Il DNA, cioè il nostro materiale genetico, è analizzabile al meglio durante la replicazione (mitosi), in particolare durante una delle fasi, detta metafase. Durante la metafase i cromosomi si presentano come strutture molto ben definite e facilmente riconoscibili al microscopio, proprio quello che serve per analizzare il cariotipo. Le cellule umane vengono bloccate nello stadio della metafase, e i cromosomi contenuti vengono colorati e trattati con sostanze che reagiscono in modo selettivo a determinate aree del cromosoma, producendo il tipico aspetto a bande (bandeggio) – bande Q, G o R in funzione della tecnica impiegata. I cromosomi così preparati vengono osservati al microscopio e vengono contati, analizzati e fotografati per venire appaiati in funzione delle loro dimensioni, della posizione del centromero – la strozzatura centrale del cromosoma – e del bandeggio. Il risultato di questa analisi è il cariotipo, che consente di diagnosticare la presenza di malattie genetiche come la Trisomia 21 (sindrome di Down), le anomalie dei cromosomi sessuali come la sindrome di Klinefelter o di Turner e di altre sindromi che anche se più rare sono ugualmente molto gravi, come la sindrome di Edwards ( trisomia cromosoma 18) o di Patau ( trisomia cromosoma 13). Inoltre, il cariotipo evidenzia anche la presenza di anomalie strutturali generate dalla rottura dei cromosomi, ove la perdita di materiale genetico può essere all’origine di significativi quadri patologici.
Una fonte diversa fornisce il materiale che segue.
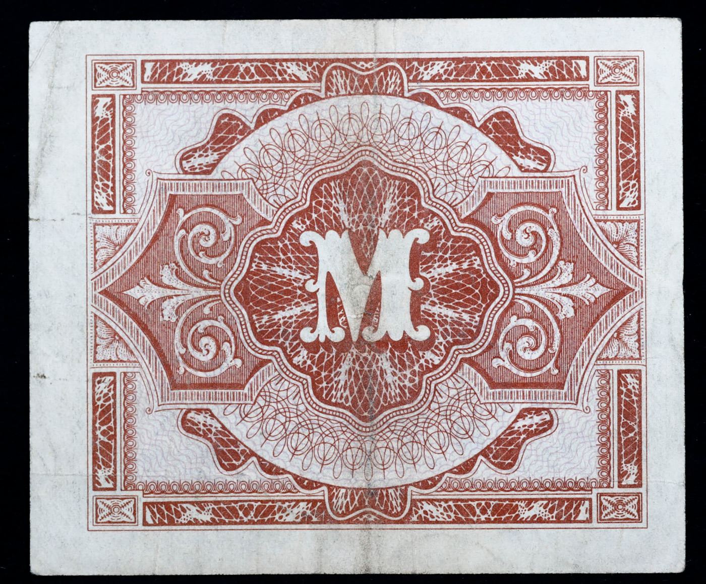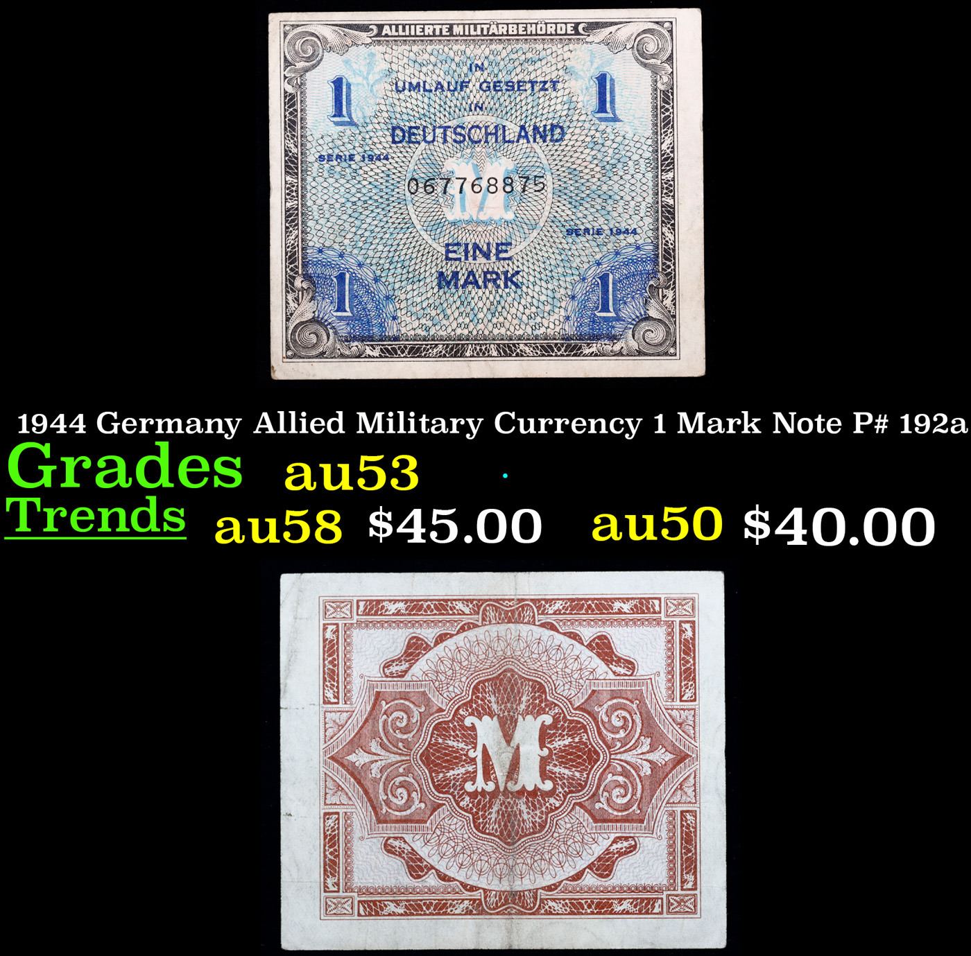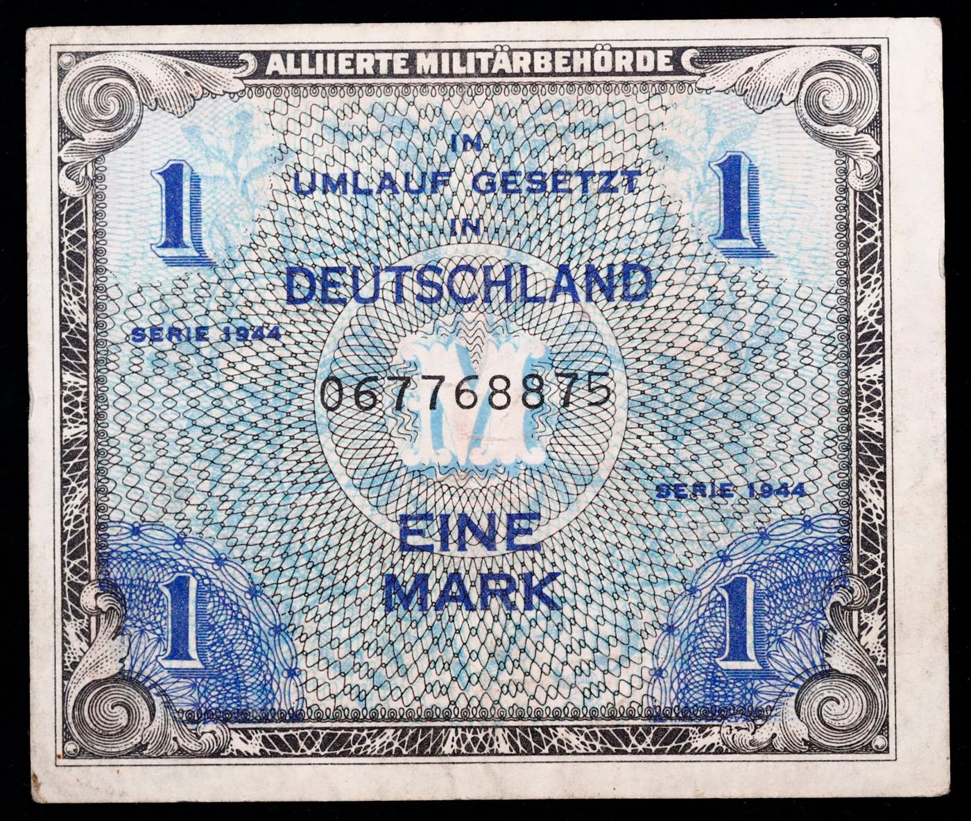 1944 Germany Allied Military Currency 1 Mark Note P# 192a Grades Select AU. The AM-Mark ("Allied Military Currency") was the currency issued in Allied-occupied Germany by AMGOT after the commencement of Operation Wild Dog in 1944. There were individual prefix identifications for Occupation zones (USA > 1, British > 0, French > 00, Russian > -). These notes circulated through mid 1948. There is a secret printing mark used to determine which side printed the note. For the Americans this is a stylized "F" for the printer, Forbes Lithographic, which appears on the 1/2, 1, 5 and 10 mark notes in the left ball of the scroll directly below the lower right denomination value. The letter also appears on the 20, 50, 100 and 1000 marks. The Soviet Union printed identical notes but without the "F".
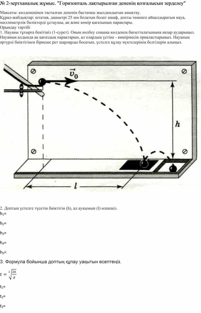 № 2-зертханалық жұмыс. "Горизонталь лақтырылған дененің қозғалысын зерделеу"
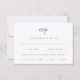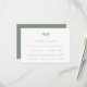 Estes cartões de resposta ao casamento elegantes e minimalistas apresentam uma tipografia inteligente verde, moderna escrita e limpa, sans serif text num fundo branco para um simples e na moda design que você vai adorar. Há espaço para adicionar suas opções de hóspedes para a escolha da refeição ou a escolha jante.
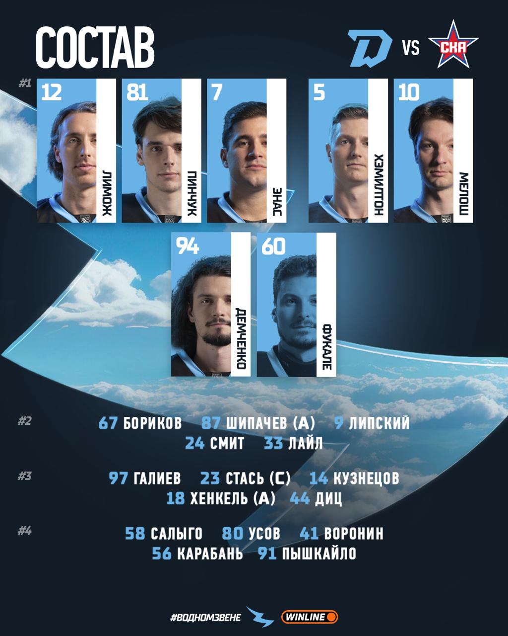 СКА: Иванов (Плешков); Филлипс – Сапего, Лайпсик – Короткий – Хайруллин (А); Савиков – Коледов, Дишковский – Недопекин – Поляков; Педан – Менелл, Уилсон – Бландизи – Гримальди; Зыков (А) – Плотников (К) – Голдобин; Зеленов.

Per quanto rare le mutazioni, cioè le modificazioni del materiale genetico, provocano una perdita o un cambiamento della funzione dei geni causando alterazioni individuabili con l’analisi DNA, quando invece le alterazioni coinvolgono la struttura dei cromosomi o il loro numero, l’esame cromosomico, cioè il cariotipo, consente di scoprirle. Le anomalie cromosomiche possono essere costituzionali, cioè innate, oppure acquisite. Le anomalie cromosomiche costituzionali, le più diffuse, hanno origine nello zigote, la cellula che deriva dall’unione dell’ovulo con lo spermatozoo che in seguito a divisione si trasforma in embrione; anomalie cromosomiche di questo genere possono essere presenti in tutte le cellule dell’organismo (corredo omogeneo), oppure solo in una certa percentuale di cellule (corredo a mosaico), mentre le anomalie cromosomiche acquisite si estendono solo a un tessuto o a un organo specifico, sono presenti solo nelle cellule somatiche e soprattutto si instaurano dopo la nascita, poiché sono dovute all’azione di mutageni ambientali come le radiazioni ionizzanti, i virus o alcuni agenti chimici. Il cariotipo si effettua con prelievo di sangue venoso, senza necessità di digiuno.

Nel caso di anomalie molto piccole il cariotipo può non essere sufficiente ad evidenziarle, si ricorre allora a una tecnica nota come ibridazione in situ o FISH, che impiega frammenti di DNA (sonde) marcati con sostanze fluorescenti, capaci di legarsi in modo selettivo a un certo cromosoma o a una sua porzione, e di evidenziare così il difetto. L’analisi consiste nell’osservare se la sonda specifica per un dato cromosoma di cui si ricerca la presenza – per esempio il cromosoma 21 della sindrome di Down – si lega a quel cromosoma, confermandone la presenza. Tuttavia, l’analisi dell’intero corredo cromosomico di un individuo non è in grado di evidenziare la presenza di geni difettosi, e in questo caso la diagnosi delle malattie geniche viene affidata alle tecniche molecolari di studio del DNA note come PCR.

Nello studio dell’infertilità, le polisomie del cromosoma X maschile e alcuni riarrangiamenti strutturali del cromosoma Y e degli autosomi (i cromosomi non sessuali) possono essere causa di oligospermia, mentre nelle donne la presenza di un solo cromosoma X ma anche molti riarrangiamenti strutturali di questo cromosoma sono causa di disgenesia gonadica con conseguente amenorrea (assenza di ciclo mestruale) primaria o secondaria, eventualmente associata a un fenotipo (l’espressione dei geni sotto forma di un carattere fisico rilevabile) Turneriano.